カサドシュ(p)/バーンスタイン/ニューヨークフィル(61、SONY)は最高に粋。
どこまでも軽やかなピアノに爽やかな風を吹き込むオケ。
ロベール・カサドシュ(Robert Casadesus, 1899~1972年)は
パリに生まれパリで亡くなったピアニスト。
作曲家でもあり7曲の交響曲、3曲のピアノ協奏曲、
多数の室内楽曲を残している(私は未聴、聴いてみたい)。
カサドシュ一族は音楽・芸術の才に恵まれており
ロベールの先にも後にも音楽家を多数輩出している。
子供達もピアニスト・ヴァイオリニストであるが、
息子ジャンが72年カナダで交通事故死したのを境に
ロベールは急速に体調が悪化し後を追うように亡くなった。
(↓1969年カサドシュ夫妻と息子ジャン、幸福な時)

現在活躍中の指揮者J=クロード・カサドシュは甥。
ロベールは戦時中米国に亡命したことからCBS・コロンビアレーベルと
つながりが深く多数の録音を残している。
ミトロプーロス、ミュンシュ、セル、オーマンディ、バーンスタインとの協演盤も多い。
個人的にはオーマンディとのダンディ「フランス山人の歌による交響曲」と
ともにバーンスタインととのフォーレの「バラード」、そして本盤が忘れられない。
(↓ 1961年この曲の収録後、モニタールームでチェックする指揮者とピアニスト)

カサドシュの印象は「粋でダンディ」。
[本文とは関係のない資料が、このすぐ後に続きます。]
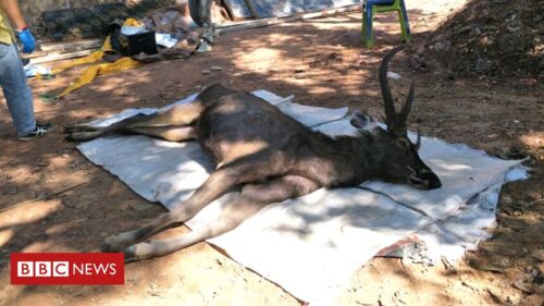 タイの国立公園で、シカがプラスチックのゴミを食べて死亡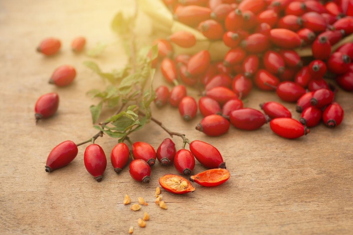 Die Hagebutte enthält viel Vitamin C, dem eine wichtige Rolle bei der Kollagensynthese zugeschrieben wird. Aufgrund seiner hoch bioaktiven Form kann das Vitamin C aus der Hagebutte besonders gut vom Körper aufgenommen werden.

タッチは軽く深刻ぶったりしない。
表情過多にならずサラリと行くが、なんか洒落ている。
第1楽章冒頭のオケとピアノの掛け合いからいい雰囲気。
バーンスタインもさらりとした風情で進め、ピアノが軽く対抗する。
音場が広いので弦の音が浮遊感を持ち実に綺麗。
この楽章ではオケは抑制を効かせピアノのリリックな囀りをサポートする。
アンダンテは夢見るようだ。
第2楽章の疾走感もたまらない。
後半のアレグロに入っても力づくにならず両者余裕を残す。
オケのスケールは徐々に大きくなり、その間をピアノが飛び回る。
最後の勢いは流石バーンスタイン。
録音はマンハッタンセンターでのセッション。
ここは残響が多く広大さを感じさせるホールだが、この録音では軽やかな風を
演出するのに大きく寄与している。古い録音だがリマスターもよく刺激が少ない。
この場所で収録してよかった。エイブリー・フィッシャーではこうはいかなかった。